In June, Washington-based ICSID made headlines when it annulled a $144 million arbitral award against Spain, made after a tribunal concluded that Spain improperly curtailed several renewables subsidies.
The ad hoc ICSID committee that annulled the award concluded that an arbitrator who sat on the arbitral panel had improperly failed to disclose business relationships that he had with the claimants' expert witnesses. The much-debated decision, Eiser Infrastructure Ltd. and Energía Solar Luxembourg SARL v. Kingdom of Spain, marked the first time that ICSID annulled an award on grounds related to a tribunal's constitution.[16]
In another disclosure case, the U.K. Supreme Court weighed in on arbitrator impartiality in Halliburton Co. v. Chubb Bermuda Insurance Ltd.[17] The impartiality issue in Halliburton arose during a coverage dispute concerning the Deepwater Horizon explosion, when Chubb's arbitrator failed to disclose his involvement in other cases concerning the disaster.

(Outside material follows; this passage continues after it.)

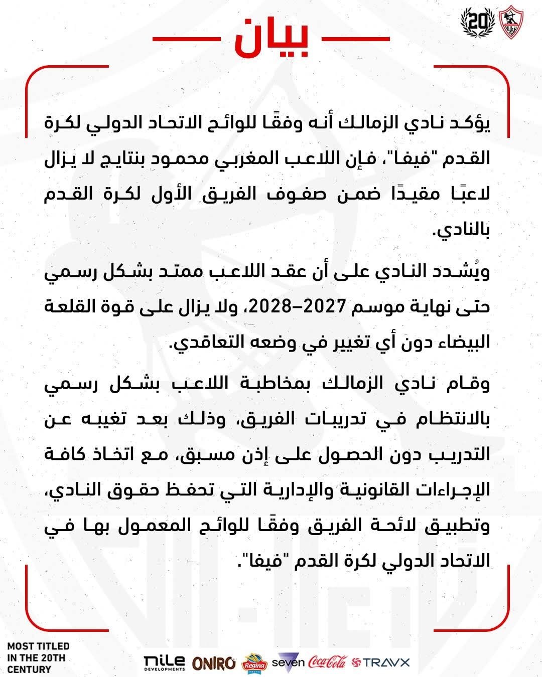 أصدر نادي الزمالك بيانًا رسميًا أكد فيه أن المغربي محمود بنتايج لا يزال مقيدًا في صفوف الفريق الأول لكرة القدم بالنادي، وذلك وفقًا للوائح الاتحاد الدولي لكرة القدم «فيفا»، مشيرًا إلى أن عقده ممتد حتى نهاية موسم 2027–2028 دون أي تغيير في وضعه التعاقدي.

Applying the Arbitration Act, the court explained that arbitrator disclosure is typically required where circumstances might reasonably lead an objective observer to have justifiable doubts as to the arbitrator's impartiality.[18]
The case was closely watched by arbitral institutions and practitioners seeking further clarity on standards for arbitrator disclosure and disqualification, particularly after the U.S. Supreme Court decided in June not to grant certiorari in another high-profile arbitrator-bias case, Monster Energy Co. v. City Beverages LLC,[19] in which the Ninth Circuit vacated a commercial award for insufficient disclosure.
The year saw further development of an emerging trend toward transparency in the field of commercial arbitration. In November, the International Bar Association and Jus Mundi launched a partnership to collect, organize and publish nonconfidential commercial arbitration awards, with the goal of enhancing access to legal information and shaping the development of international arbitration.
The partnership announcement followed the International Chamber of Commerce's decision in 2019 to publish certain summary information about arbitrations, including the industry sector and identities of counsel, as well as arbitral awards subject to objection by any of the parties.[20]
While confidentiality must and will remain a crucial aspect of international commercial arbitration, the developments can be expected to enhance the uniformity and predictability of arbitral decisions within the limits of party autonomy.